**BRIEF**:
Go to the line below that has "本工法は、ペロブスカイト太陽", print it and each line after it exactly, and stop after the line that has "Harvest logo-print sweatshirt"; leave out pictures.

**** SUPPLIED MATERIAL

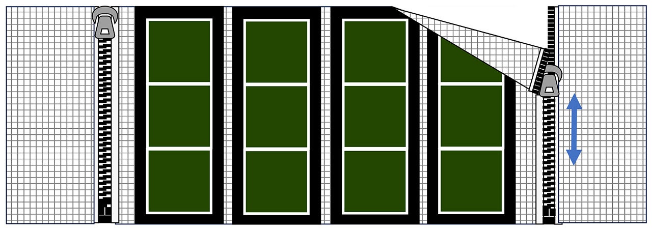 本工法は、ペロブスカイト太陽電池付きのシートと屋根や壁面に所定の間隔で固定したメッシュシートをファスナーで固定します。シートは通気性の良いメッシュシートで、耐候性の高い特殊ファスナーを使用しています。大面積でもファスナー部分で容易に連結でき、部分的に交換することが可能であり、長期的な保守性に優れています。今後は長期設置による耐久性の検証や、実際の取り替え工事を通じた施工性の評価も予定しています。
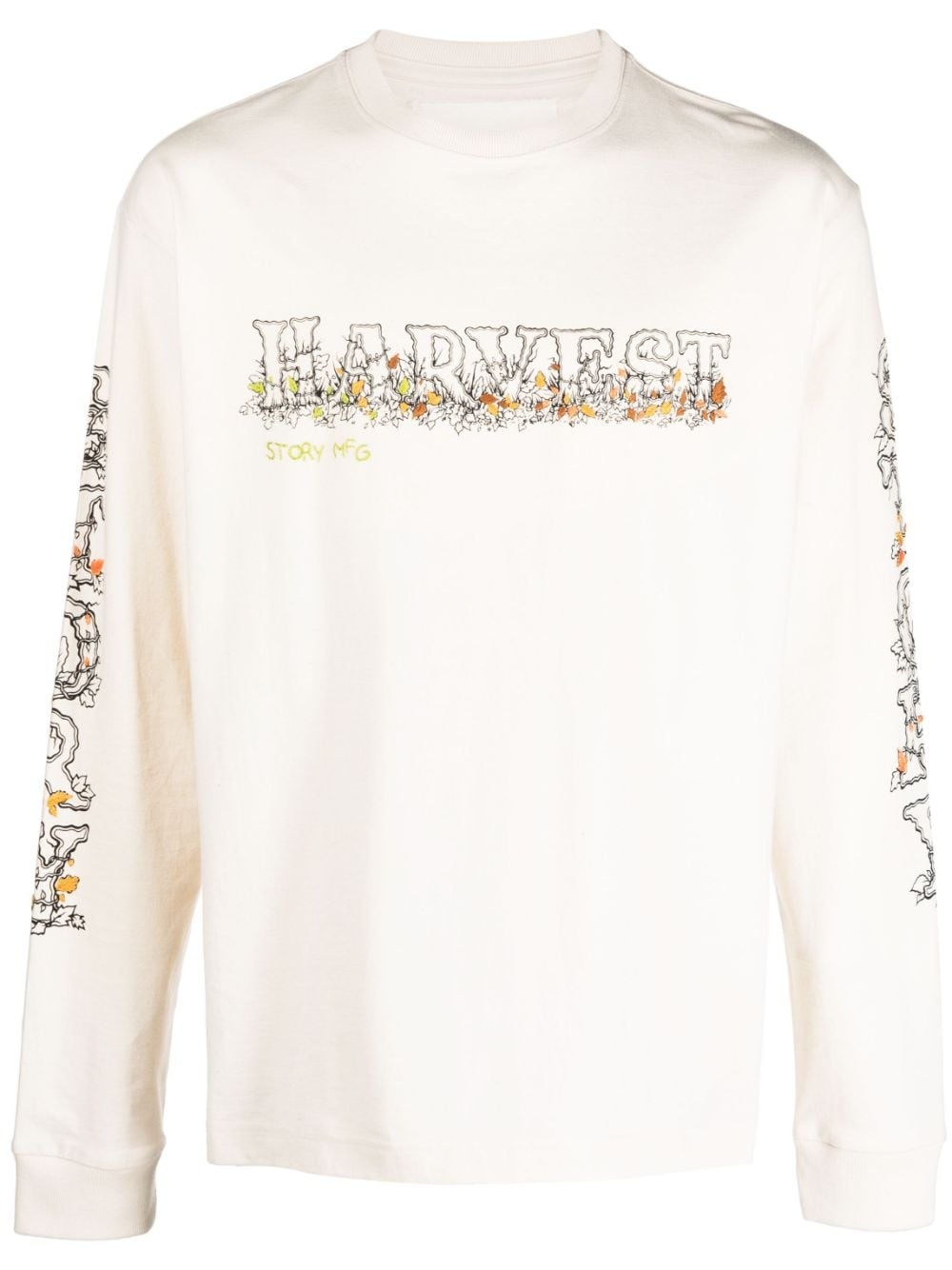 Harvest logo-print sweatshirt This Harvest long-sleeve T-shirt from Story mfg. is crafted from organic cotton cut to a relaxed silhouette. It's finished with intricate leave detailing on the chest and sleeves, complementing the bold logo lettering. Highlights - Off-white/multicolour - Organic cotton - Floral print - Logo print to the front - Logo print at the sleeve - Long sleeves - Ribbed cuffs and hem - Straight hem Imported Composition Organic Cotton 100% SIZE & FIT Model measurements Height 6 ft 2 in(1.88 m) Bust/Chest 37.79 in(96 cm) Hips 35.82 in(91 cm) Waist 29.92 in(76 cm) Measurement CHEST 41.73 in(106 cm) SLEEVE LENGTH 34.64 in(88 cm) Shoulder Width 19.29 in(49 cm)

********
**** SUPPLIED MATERIAL

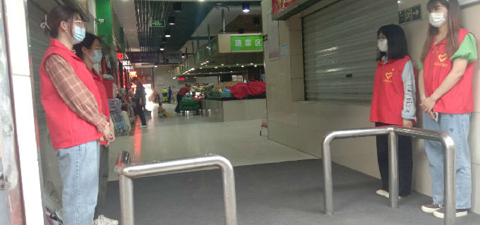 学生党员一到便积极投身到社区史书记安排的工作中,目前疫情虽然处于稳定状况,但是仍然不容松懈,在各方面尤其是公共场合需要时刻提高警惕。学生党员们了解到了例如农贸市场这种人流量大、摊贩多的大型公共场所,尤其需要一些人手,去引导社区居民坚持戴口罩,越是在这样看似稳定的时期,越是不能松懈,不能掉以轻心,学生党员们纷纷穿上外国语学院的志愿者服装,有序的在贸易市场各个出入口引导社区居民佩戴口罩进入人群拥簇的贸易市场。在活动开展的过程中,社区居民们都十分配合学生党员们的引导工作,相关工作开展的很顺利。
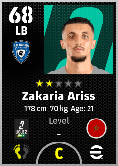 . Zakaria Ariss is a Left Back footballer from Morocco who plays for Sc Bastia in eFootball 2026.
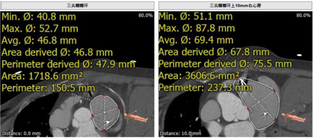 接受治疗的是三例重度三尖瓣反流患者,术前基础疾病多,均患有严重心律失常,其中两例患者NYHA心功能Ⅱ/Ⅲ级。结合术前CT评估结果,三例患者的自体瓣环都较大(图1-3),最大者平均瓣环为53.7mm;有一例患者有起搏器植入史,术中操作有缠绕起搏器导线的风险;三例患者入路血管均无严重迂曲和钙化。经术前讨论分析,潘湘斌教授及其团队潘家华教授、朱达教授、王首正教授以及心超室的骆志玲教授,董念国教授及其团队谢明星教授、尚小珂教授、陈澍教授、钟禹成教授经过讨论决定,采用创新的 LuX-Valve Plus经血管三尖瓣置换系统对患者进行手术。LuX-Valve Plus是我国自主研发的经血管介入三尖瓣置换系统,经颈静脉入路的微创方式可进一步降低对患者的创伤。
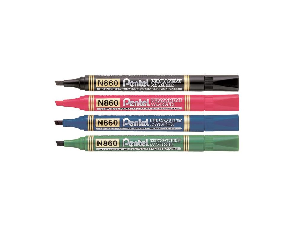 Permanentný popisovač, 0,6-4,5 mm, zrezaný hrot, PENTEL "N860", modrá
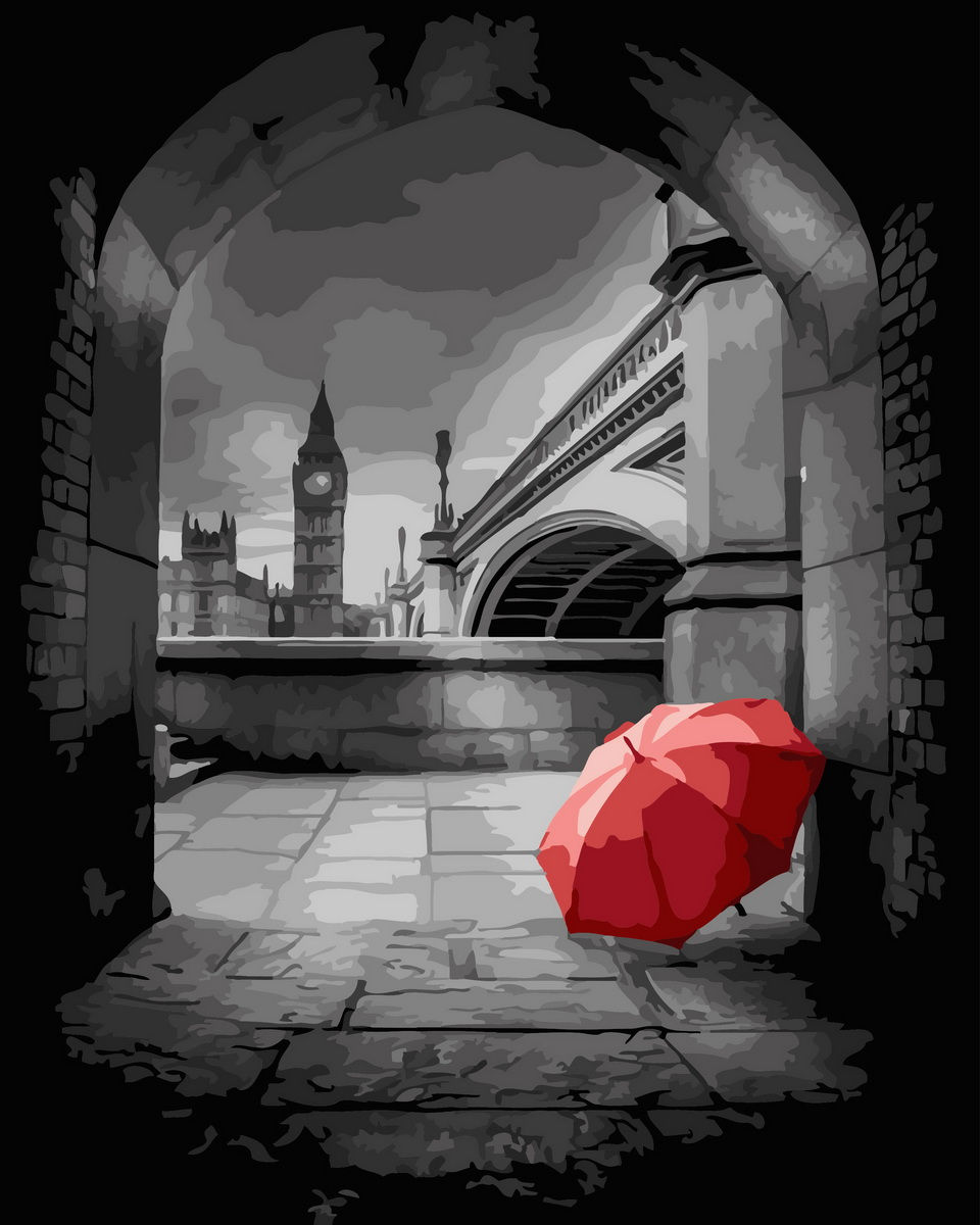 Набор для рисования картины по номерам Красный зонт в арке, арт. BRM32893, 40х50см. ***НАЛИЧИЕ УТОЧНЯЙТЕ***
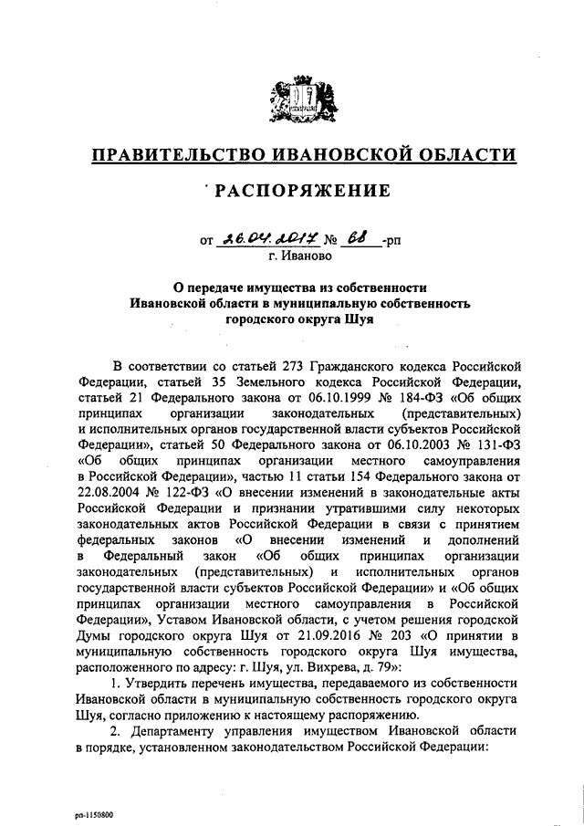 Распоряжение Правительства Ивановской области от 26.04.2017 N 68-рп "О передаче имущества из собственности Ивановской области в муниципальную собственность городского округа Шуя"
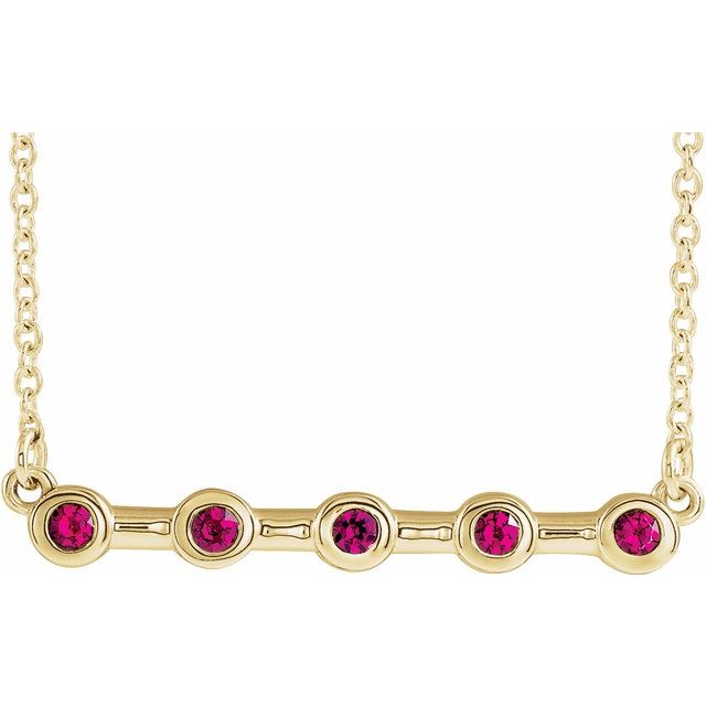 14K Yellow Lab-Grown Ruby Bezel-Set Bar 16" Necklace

********

**SOLUTION FOR THIS EXERCISE**:
 本工法は、ペロブスカイト太陽電池付きのシートと屋根や壁面に所定の間隔で固定したメッシュシートをファスナーで固定します。シートは通気性の良いメッシュシートで、耐候性の高い特殊ファスナーを使用しています。大面積でもファスナー部分で容易に連結でき、部分的に交換することが可能であり、長期的な保守性に優れています。今後は長期設置による耐久性の検証や、実際の取り替え工事を通じた施工性の評価も予定しています。
 Harvest logo-print sweatshirt This Harvest long-sleeve T-shirt from Story mfg. is crafted from organic cotton cut to a relaxed silhouette. It's finished with intricate leave detailing on the chest and sleeves, complementing the bold logo lettering. Highlights - Off-white/multicolour - Organic cotton - Floral print - Logo print to the front - Logo print at the sleeve - Long sleeves - Ribbed cuffs and hem - Straight hem Imported Composition Organic Cotton 100% SIZE & FIT Model measurements Height 6 ft 2 in(1.88 m) Bust/Chest 37.79 in(96 cm) Hips 35.82 in(91 cm) Waist 29.92 in(76 cm) Measurement CHEST 41.73 in(106 cm) SLEEVE LENGTH 34.64 in(88 cm) Shoulder Width 19.29 in(49 cm)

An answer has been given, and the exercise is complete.